In 1774 King Charles III ordered the garden moved to its current location on the Paseo del Prado, with design by architects Francesco Sabatini and Juan de Villanueva that organized the garden into three tiered terraces, arranging plants according to the method of Linnaeus. This new site opened in 1781. Its mission was not only to exhibit plants, but also to teach botany, promote expeditions for the discovery of new plant species and classify them. The garden was greatly augmented by a collection of 10,000 plants brought to Spain by Alessandro Malaspina in 1794.

The Spanish War of Independence in 1808 caused the garden to be abandoned, but in 1857 director Mariano de la Paz Graëlls y de la Aguera revived it with a new greenhouse and refurbishment of the upper terrace. Under his leadership a zoo was created in the garden, but subsequently relocated to the Parque del Buen Retiro. Between 1880 and 1890 the garden suffered heavy losses, first losing 2 hectares (4.9 acres) to the Ministry of Agriculture in 1882, then losing 564 trees in 1886 to a cyclone.

Since 1939 the garden has been dependent on the Spanish National Research Council (CSIC) and in 1942 was declared Artistic Garden. In 1974, after decades of hardship and neglect, the garden was closed to the public for restoration work to its original plan. It reopened in 1981.

Today's garden

Today's garden is divided into three major outdoor sections and two greenhouses. Total collections include about 30,000 plants and flowers, and 1,500 trees. It also contains a substantial herbarium.

The garden's two greenhouses are divided into four rooms. The Graëlls greenhouse dates from the nineteenth century and exhibits tropical plants and bryophytes. The newer structure supports three climates: tropical, temperate, and desert.

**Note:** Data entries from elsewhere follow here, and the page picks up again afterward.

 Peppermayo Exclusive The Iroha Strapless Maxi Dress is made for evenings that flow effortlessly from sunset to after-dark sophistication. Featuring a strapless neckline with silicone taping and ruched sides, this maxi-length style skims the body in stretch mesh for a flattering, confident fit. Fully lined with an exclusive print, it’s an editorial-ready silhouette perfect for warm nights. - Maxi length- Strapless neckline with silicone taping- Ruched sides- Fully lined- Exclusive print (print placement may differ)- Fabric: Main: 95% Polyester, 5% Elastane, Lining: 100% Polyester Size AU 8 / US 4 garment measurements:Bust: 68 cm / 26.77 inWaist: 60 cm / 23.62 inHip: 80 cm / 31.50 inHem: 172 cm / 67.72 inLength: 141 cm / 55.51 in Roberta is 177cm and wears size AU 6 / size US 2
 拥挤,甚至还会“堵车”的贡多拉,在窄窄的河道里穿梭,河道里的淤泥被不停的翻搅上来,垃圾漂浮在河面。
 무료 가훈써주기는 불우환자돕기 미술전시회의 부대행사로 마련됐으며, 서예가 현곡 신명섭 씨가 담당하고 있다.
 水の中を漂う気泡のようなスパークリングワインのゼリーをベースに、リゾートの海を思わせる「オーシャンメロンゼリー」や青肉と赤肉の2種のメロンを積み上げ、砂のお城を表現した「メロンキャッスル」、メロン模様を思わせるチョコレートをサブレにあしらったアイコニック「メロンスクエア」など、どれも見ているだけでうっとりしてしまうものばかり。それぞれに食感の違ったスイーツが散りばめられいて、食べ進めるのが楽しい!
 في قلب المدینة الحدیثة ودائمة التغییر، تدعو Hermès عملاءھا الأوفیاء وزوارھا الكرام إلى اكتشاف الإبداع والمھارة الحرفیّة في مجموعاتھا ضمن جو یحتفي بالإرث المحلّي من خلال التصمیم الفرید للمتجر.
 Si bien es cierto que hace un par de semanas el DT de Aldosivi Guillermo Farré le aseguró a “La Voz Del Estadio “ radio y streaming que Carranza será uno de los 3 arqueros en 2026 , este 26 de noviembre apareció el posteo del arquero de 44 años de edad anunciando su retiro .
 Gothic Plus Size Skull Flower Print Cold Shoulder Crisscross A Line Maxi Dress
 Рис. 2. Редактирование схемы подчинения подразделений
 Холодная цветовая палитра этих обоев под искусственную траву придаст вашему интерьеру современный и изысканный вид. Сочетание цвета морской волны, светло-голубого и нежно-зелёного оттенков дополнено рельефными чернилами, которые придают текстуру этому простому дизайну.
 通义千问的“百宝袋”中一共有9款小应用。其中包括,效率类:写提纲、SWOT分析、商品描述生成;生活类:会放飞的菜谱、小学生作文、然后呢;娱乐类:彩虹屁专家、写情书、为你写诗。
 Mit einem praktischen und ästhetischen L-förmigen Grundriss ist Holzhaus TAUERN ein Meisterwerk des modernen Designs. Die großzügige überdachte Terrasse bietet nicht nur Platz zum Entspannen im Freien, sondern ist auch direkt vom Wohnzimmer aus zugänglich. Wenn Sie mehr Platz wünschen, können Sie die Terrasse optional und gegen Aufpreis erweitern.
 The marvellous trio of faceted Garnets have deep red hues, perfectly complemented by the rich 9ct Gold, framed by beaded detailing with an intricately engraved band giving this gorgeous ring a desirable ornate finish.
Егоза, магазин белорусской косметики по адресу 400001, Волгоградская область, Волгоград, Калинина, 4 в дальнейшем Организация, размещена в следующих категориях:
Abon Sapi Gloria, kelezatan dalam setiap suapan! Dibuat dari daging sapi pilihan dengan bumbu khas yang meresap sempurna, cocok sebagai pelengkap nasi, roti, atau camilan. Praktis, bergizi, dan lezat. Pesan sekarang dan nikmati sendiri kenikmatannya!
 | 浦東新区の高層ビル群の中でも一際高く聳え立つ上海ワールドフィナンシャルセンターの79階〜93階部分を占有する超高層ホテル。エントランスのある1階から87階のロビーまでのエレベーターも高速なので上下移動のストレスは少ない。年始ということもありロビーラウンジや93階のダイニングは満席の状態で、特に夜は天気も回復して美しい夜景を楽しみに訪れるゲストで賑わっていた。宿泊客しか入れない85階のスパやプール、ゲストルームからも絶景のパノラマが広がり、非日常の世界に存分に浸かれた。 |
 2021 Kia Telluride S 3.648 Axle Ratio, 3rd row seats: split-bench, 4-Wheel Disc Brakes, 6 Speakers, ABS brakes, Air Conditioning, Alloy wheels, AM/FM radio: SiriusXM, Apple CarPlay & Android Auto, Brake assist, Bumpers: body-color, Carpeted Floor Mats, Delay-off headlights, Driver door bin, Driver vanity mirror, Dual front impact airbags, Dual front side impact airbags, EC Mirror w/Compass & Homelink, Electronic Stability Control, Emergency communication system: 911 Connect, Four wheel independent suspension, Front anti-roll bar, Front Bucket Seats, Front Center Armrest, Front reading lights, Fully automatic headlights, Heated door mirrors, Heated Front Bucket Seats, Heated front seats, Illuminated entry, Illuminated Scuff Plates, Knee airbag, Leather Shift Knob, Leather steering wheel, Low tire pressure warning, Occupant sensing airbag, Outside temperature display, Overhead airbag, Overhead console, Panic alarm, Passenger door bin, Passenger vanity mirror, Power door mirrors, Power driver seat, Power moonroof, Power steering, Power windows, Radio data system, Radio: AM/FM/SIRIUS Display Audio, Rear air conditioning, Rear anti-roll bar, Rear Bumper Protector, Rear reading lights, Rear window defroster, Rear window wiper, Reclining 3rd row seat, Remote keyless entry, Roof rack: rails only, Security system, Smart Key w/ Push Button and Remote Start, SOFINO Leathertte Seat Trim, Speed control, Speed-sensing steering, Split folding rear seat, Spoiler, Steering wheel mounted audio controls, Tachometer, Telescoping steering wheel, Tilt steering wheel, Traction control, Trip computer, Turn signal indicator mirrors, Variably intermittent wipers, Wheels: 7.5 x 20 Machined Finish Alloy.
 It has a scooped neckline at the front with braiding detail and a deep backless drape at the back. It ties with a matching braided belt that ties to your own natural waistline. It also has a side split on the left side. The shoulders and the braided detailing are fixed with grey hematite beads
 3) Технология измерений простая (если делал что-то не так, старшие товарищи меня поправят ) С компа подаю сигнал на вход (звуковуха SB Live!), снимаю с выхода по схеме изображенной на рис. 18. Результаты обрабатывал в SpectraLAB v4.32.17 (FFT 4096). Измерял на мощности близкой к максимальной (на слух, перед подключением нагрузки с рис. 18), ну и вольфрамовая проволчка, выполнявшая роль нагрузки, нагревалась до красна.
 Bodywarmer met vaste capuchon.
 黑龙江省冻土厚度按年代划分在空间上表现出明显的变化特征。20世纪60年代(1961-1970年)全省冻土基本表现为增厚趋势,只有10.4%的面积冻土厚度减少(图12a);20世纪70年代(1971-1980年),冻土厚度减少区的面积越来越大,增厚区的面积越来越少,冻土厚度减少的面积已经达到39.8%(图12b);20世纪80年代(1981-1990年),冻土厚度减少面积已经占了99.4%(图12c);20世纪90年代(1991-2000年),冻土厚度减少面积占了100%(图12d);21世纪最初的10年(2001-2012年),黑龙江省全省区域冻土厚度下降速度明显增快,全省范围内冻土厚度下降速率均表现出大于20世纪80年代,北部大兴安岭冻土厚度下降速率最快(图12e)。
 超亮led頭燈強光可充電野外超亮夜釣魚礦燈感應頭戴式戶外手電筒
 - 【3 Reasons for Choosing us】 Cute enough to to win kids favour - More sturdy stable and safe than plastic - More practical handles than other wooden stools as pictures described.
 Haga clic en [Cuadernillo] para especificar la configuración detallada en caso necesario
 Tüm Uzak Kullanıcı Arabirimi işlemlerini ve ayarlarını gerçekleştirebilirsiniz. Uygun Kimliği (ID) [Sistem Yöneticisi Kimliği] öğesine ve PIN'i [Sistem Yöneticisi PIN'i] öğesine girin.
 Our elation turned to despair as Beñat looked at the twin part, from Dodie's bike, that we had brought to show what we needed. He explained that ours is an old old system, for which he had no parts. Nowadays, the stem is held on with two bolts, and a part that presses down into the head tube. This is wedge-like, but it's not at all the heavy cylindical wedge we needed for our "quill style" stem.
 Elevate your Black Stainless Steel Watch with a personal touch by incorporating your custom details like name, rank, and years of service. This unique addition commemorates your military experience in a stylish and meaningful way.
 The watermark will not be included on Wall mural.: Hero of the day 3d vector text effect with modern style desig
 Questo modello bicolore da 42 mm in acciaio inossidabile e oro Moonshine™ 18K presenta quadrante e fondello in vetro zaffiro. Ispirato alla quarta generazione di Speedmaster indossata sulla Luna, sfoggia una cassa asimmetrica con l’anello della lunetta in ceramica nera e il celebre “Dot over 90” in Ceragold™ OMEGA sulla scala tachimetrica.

The herbarium was established in 1846, and now contains about a million specimens from around the world organized into two collections: phanerogams and cryptogams.

Scientific Publications

This is called the magazine published by the Botanical Garden, which publishes papers on plant taxonomy and systematics and fungi and related fields such as biogeography, bioinformatics, conservation, ecophysiology, phylogeny, phylogeography, floral, functional morphology, nomenclature or plant relationships -animal, including works of synthesis and review. The magazine sends information about the new species published to be included in the databases W3TROPICOS (vascular plants, bryophytes), International Plant Names Index or Index Fungorum .

Publication of taxonomic research on vascular plants that grow wild in the Iberian Peninsula and Balearic Islands that was published 15 volumes of a total of 21 in 2010.

Ruizía (Monographs of the Royal Botanical Gardens) Workbooks Flora Micológica Ibérica.